# 5.15 Hash Joins

# 5.15 Hash Joins

## Problem

You need to join two collections by matching keys.

A nested loop join compares every item from the first collection with every item from the second collection. This is simple, but it costs `O(nm)` for collections of sizes `n` and `m`. A hash join reduces this cost by indexing one side in a hash map.

## Solution

Build a hash map from the smaller collection, then scan the larger collection and probe the map.

```text id="rrtgzx"
hash_join(left, right, key_left, key_right):
    table = empty map from key to list of right items

    for r in right:
        k = key_right(r)
        append r to table[k]

    output = empty list

    for l in left:
        k = key_left(l)
        matches = table[k]

        for r in matches:
            append (l, r) to output

    return output
```

If the join key is unique on the indexed side, the map can store a single item instead of a list.

```text id="rpd57a"
table: Map<Key, Item>
```

## Discussion

A hash join has two phases. The build phase creates a map from join key to matching rows. The probe phase scans the other collection and performs expected constant time lookups.

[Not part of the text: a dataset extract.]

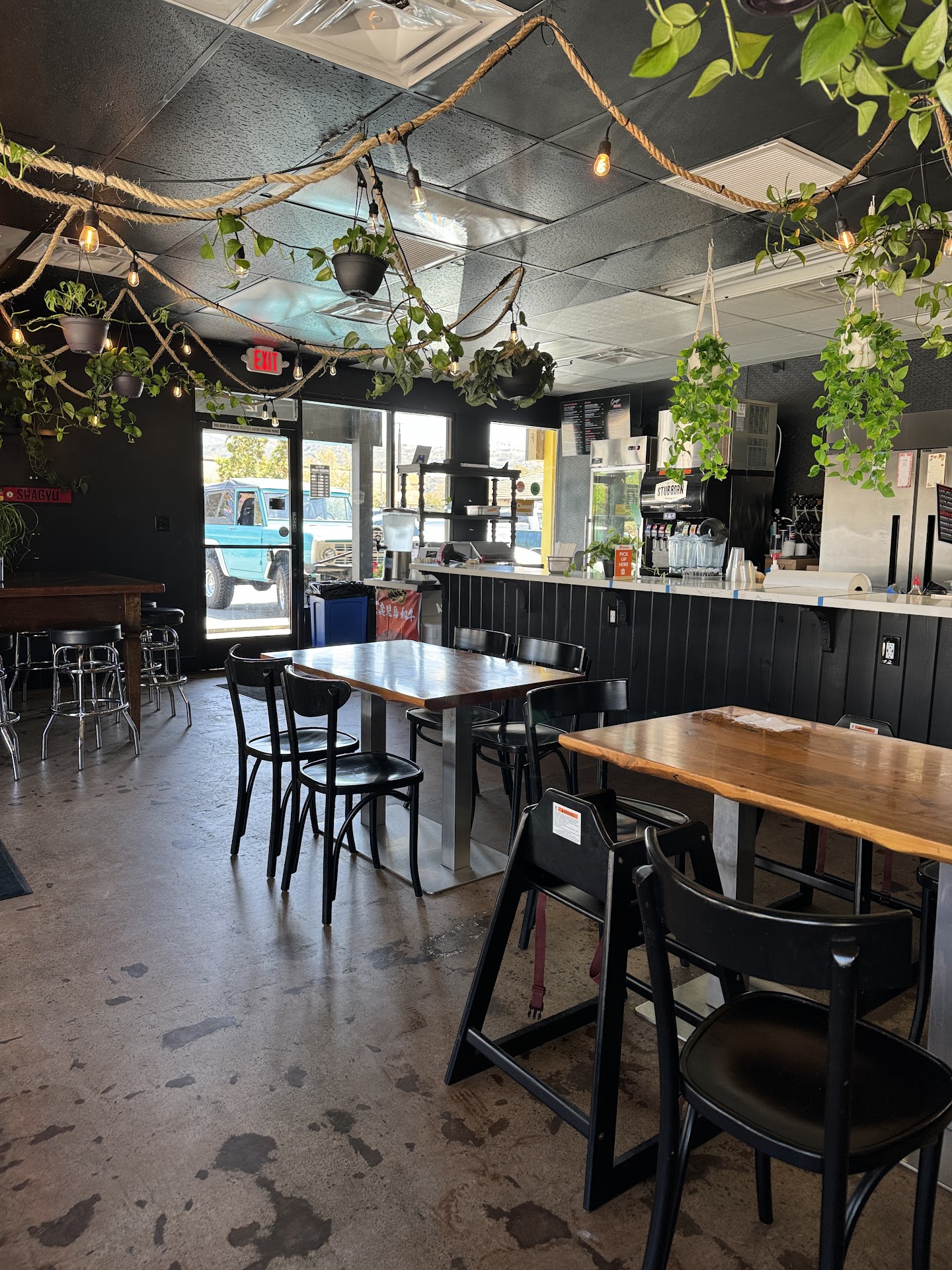 The restaurant has indoor and outdoor casual dining, albeit the outdoor tables are right next to busy Twin Peaks Rd. Inside, the restaurant has attractive trailing plants set against black and natural accents, bringing a touch of the outside in.

The indexed side should usually be the smaller side because the map must fit in memory. If the smaller side does not fit, the join can be partitioned by hash into smaller chunks and processed one partition at a time.

Duplicate keys require attention. If several rows share the same key, the map value must be a list. During probing, each matching pair must be emitted. This can make the output much larger than either input.

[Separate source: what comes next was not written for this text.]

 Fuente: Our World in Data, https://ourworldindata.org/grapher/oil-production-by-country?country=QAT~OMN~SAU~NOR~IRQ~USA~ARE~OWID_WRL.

Hash joins are widely used in databases, data processing systems, and in-memory algorithms. The same pattern appears in ordinary code whenever one list must be matched against another by id.

## Correctness

For each item `r` in the indexed collection, the build phase stores `r` under key `key_right(r)`.

For each item `l` in the probed collection, the probe phase computes `key_left(l)` and retrieves exactly the indexed items with the same key. It then emits all pairs `(l, r)` whose keys match.

Every emitted pair is correct because both items came from the same map key. Every valid pair is emitted because the indexed item was inserted under that key and the probed item later searches that same key.

## Complexity

Let `n` and `m` be the input sizes.

The build phase takes expected `O(m)` time if the right side is indexed.

The probe phase takes expected `O(n + z)` time, where `z` is the number of emitted pairs.

Total expected time is `O(n + m + z)`.

Space usage is `O(m)` for the hash map, plus output space.

Worst case time can degrade if many keys collide or if one join key has many matching rows. The output size itself may be `O(nm)` when all rows share the same key.

## Example

Join users with orders.

```text id="39ejgk"
users = [
    {id: 1, name: "Ada"},
    {id: 2, name: "Grace"}
]

orders = [
    {user_id: 1, item: "book"},
    {user_id: 1, item: "pen"},
    {user_id: 2, item: "notebook"}
]
```

Build a map from `user_id` to orders:

```text id="2mkbnc"
1 -> [{user_id: 1, item: "book"}, {user_id: 1, item: "pen"}]
2 -> [{user_id: 2, item: "notebook"}]
```

Probe users by `id`:

```text id="lr8s90"
("Ada", "book")
("Ada", "pen")
("Grace", "notebook")
```

## Implementation Notes

Index the smaller side when memory is limited.

Store lists for duplicate keys.

Preallocate the hash map if the input size is known.

Use stable key extraction functions. Both sides must derive keys in the same logical format.

For large joins, stream output instead of storing all pairs.

## Common Mistakes

Storing only one item per key when duplicate keys are possible.

Forgetting that output size can dominate runtime.

Building the map on the larger side when the smaller side would fit better.

Using inconsistent key normalization across the two inputs.

Assuming hash join preserves input order unless explicitly designed to do so.